Problem to work on |
Copy exactly, and only, the lines between the start of the entries below and the line containing "Девушка разговаривает по", both inclusive. Omit pictures.

(Saved data entries)
[Start of Attachment]

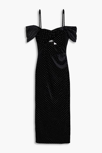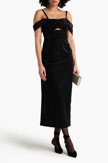 Adora cold-shoulder crystal-embellished cutout velvet midi dress
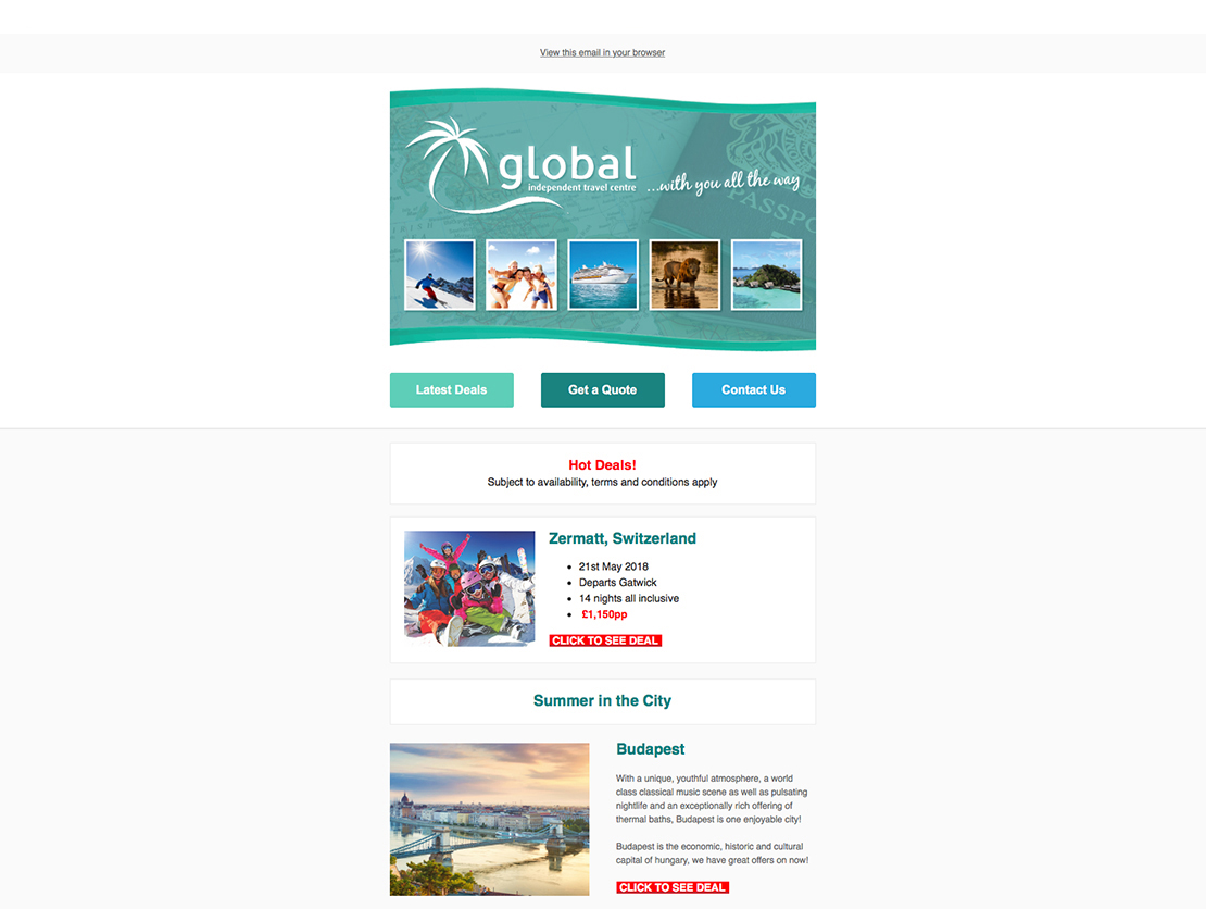 I set up a selection of email marketing templates for Global Independent Travel using the 'Mailchimp' platform; that they use to send out regular emails detailing the latest deals, special offers and news of upcoming events to their client database.
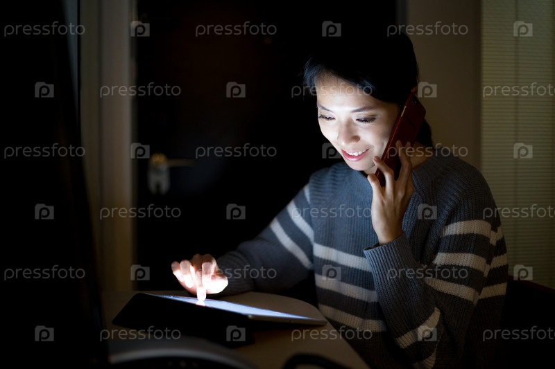 Девушка разговаривает по телефону при свете планшета
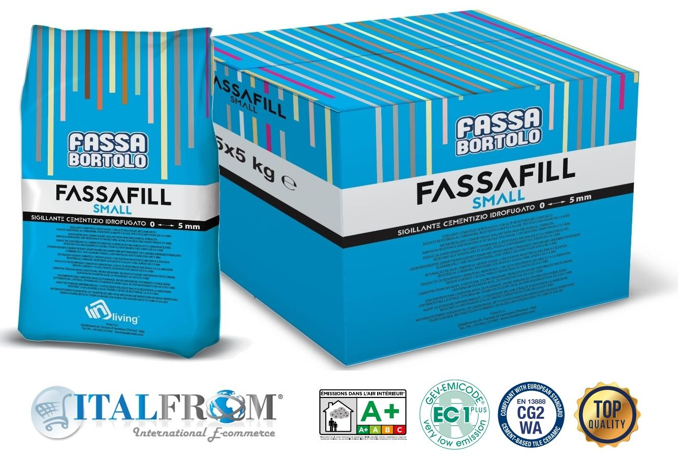 FASSAFIL SMALL è un sigillante cementizio contenente cementi speciali, sabbie selezionate e additivi idrofobizzanti. FASSAFIL SMALL è protetto dallo sviluppo di un ampio spettro di specie di muffe ed alghe.
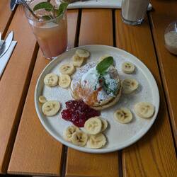 Am Morge si d'Sanda und ig ga spaziere. Näre hetts mau äs richtigs Zmorge gä.
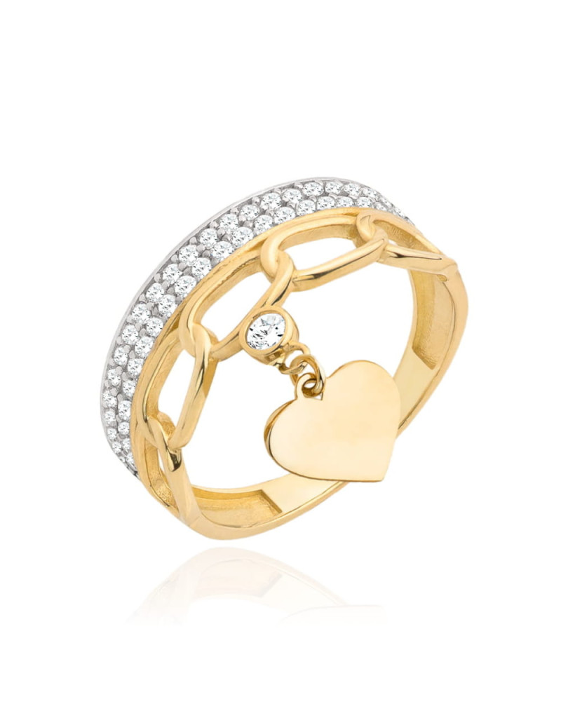 Pierścionek złoty z wiszącym sercem i cyrkoniami (Rozmiar:12 pr. 585 Gramatura: 3.32)

[End of Attachment]

Your solution |
 Adora cold-shoulder crystal-embellished cutout velvet midi dress
 I set up a selection of email marketing templates for Global Independent Travel using the 'Mailchimp' platform; that they use to send out regular emails detailing the latest deals, special offers and news of upcoming events to their client database.
 Девушка разговаривает по телефону при свете планшета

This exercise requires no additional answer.